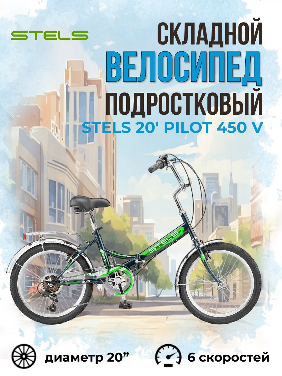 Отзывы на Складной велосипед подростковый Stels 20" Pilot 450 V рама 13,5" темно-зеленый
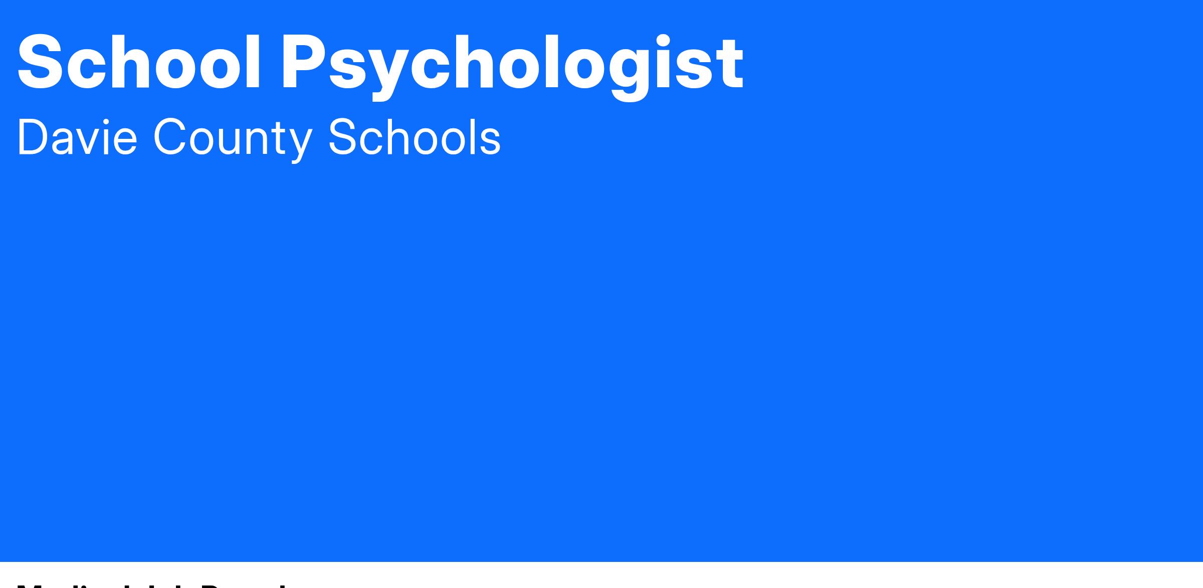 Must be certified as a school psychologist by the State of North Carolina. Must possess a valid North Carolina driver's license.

* * *

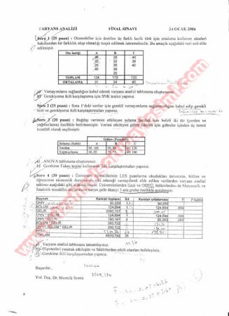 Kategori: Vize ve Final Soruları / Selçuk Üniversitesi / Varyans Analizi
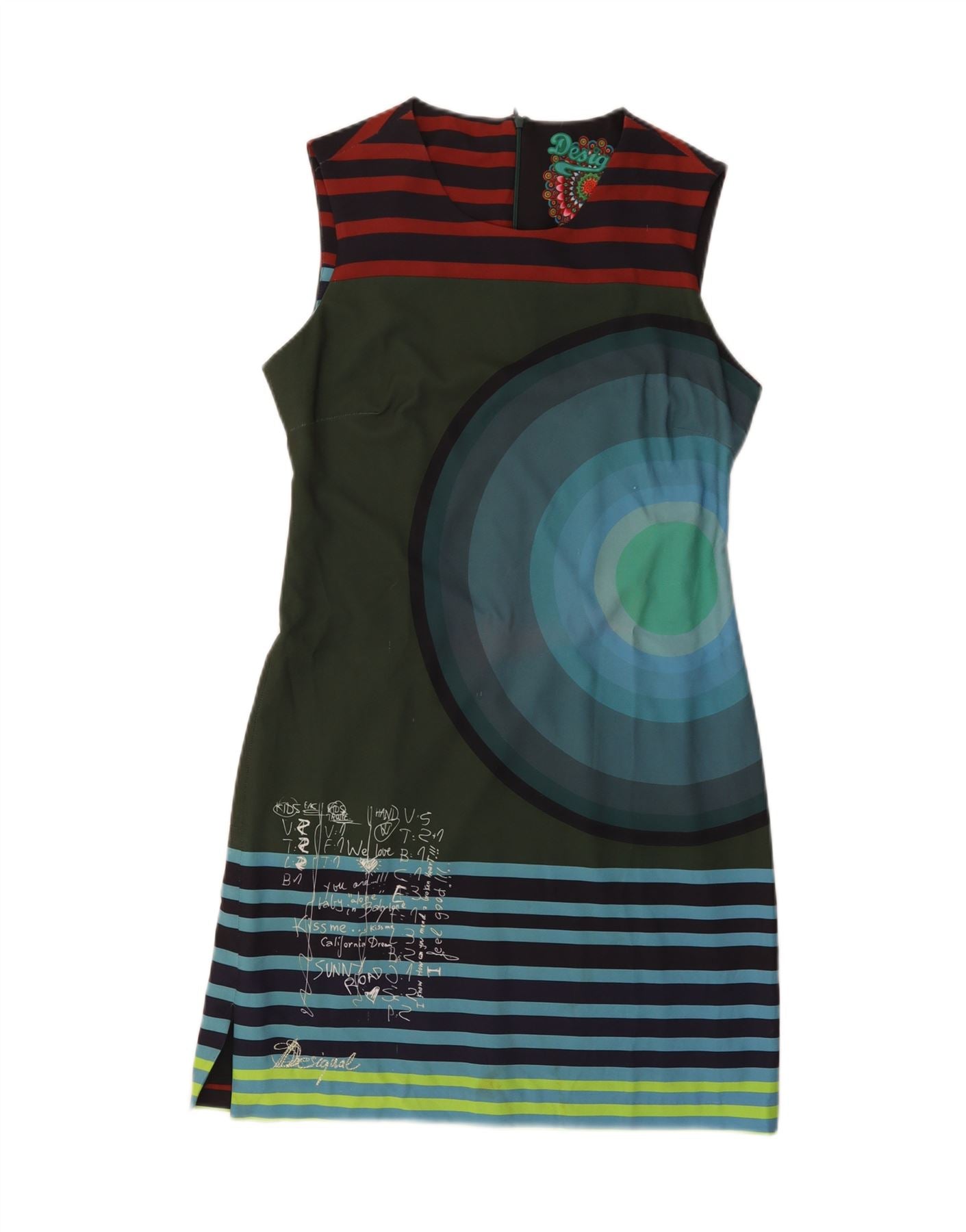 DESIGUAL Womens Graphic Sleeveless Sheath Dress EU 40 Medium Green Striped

--

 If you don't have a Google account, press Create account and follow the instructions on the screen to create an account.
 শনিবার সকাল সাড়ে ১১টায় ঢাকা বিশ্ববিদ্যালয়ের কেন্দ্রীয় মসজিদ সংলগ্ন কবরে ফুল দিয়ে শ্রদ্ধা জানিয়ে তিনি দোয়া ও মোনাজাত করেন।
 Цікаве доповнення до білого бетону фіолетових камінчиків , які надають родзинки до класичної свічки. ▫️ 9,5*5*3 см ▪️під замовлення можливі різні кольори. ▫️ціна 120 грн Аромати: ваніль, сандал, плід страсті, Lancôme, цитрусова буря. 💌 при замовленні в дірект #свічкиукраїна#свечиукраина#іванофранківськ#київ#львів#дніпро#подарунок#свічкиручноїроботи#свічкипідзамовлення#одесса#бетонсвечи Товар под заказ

> **Exercise details**:
Print everything from the line with "Отзывы на Складной" down to the line with "Must be certified" in the entries above, both lines included and nothing more, without the pictures.

> **Expected answer**:
 Отзывы на Складной велосипед подростковый Stels 20" Pilot 450 V рама 13,5" темно-зеленый
 Must be certified as a school psychologist by the State of North Carolina. Must possess a valid North Carolina driver's license.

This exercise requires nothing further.